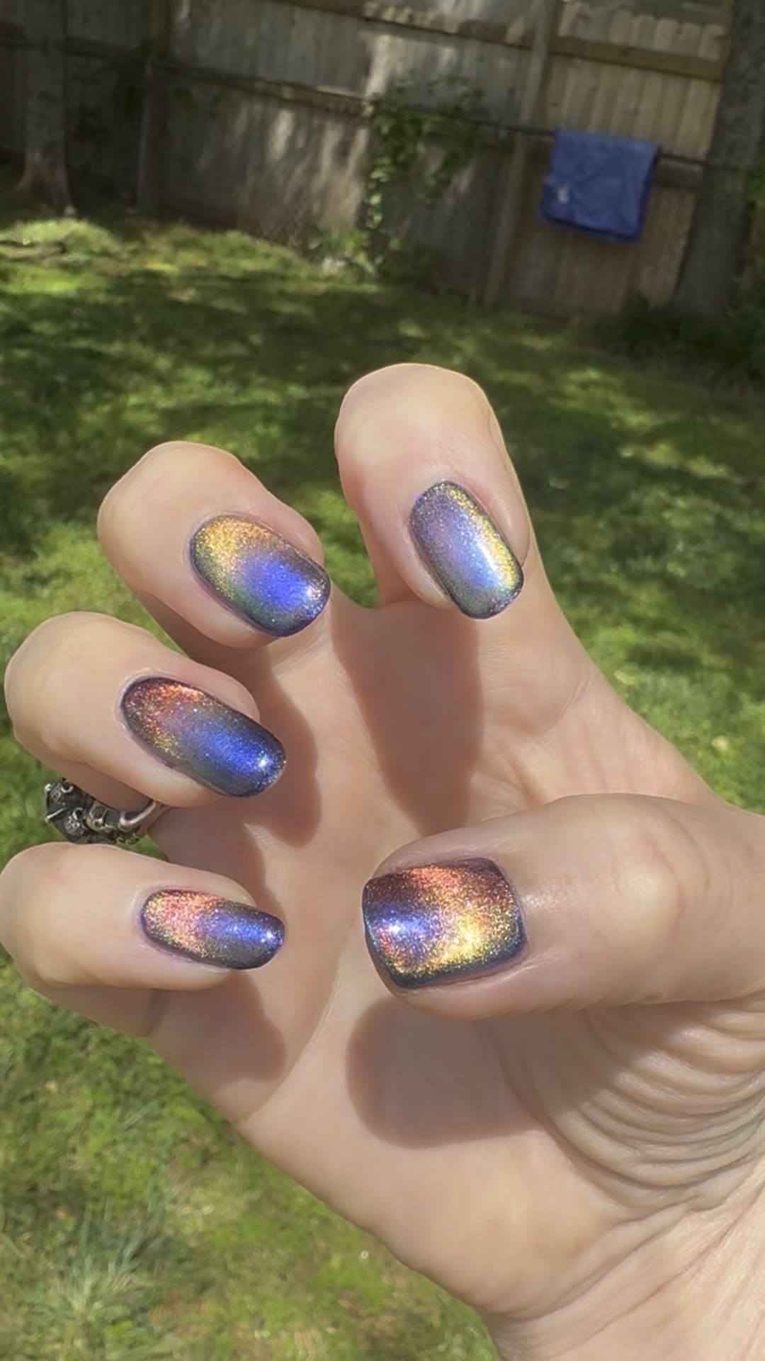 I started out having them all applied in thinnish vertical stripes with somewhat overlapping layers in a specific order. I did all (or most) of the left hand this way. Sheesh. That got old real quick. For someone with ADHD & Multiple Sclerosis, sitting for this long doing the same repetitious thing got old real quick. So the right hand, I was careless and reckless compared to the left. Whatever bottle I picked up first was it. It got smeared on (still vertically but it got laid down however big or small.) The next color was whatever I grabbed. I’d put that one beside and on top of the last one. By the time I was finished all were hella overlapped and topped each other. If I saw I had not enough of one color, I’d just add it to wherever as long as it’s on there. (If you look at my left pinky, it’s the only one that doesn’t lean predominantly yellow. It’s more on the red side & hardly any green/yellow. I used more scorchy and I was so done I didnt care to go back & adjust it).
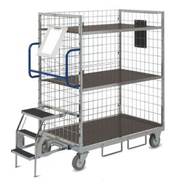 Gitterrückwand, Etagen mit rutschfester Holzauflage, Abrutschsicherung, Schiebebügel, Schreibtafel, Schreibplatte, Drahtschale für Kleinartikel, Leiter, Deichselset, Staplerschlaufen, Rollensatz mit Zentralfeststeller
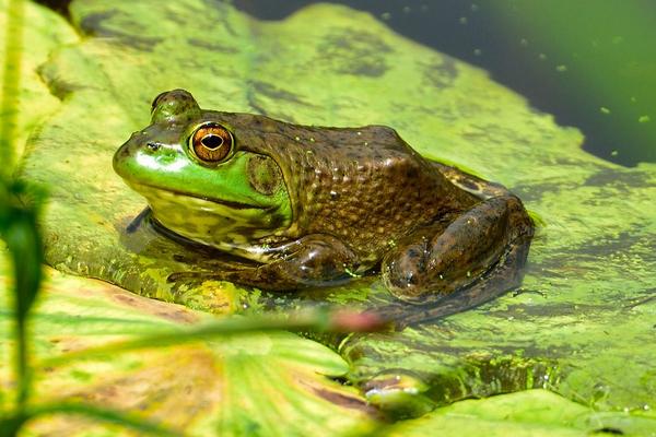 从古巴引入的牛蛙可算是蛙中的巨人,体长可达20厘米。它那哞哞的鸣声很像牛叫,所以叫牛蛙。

## About this task
For this copy, leave pictures out and reproduce the lines from the one bearing "Gitterrückwand, Etagen mit" through the final line of the listing above, both ends included.

## Reply to the exercise
 Gitterrückwand, Etagen mit rutschfester Holzauflage, Abrutschsicherung, Schiebebügel, Schreibtafel, Schreibplatte, Drahtschale für Kleinartikel, Leiter, Deichselset, Staplerschlaufen, Rollensatz mit Zentralfeststeller
 从古巴引入的牛蛙可算是蛙中的巨人,体长可达20厘米。它那哞哞的鸣声很像牛叫,所以叫牛蛙。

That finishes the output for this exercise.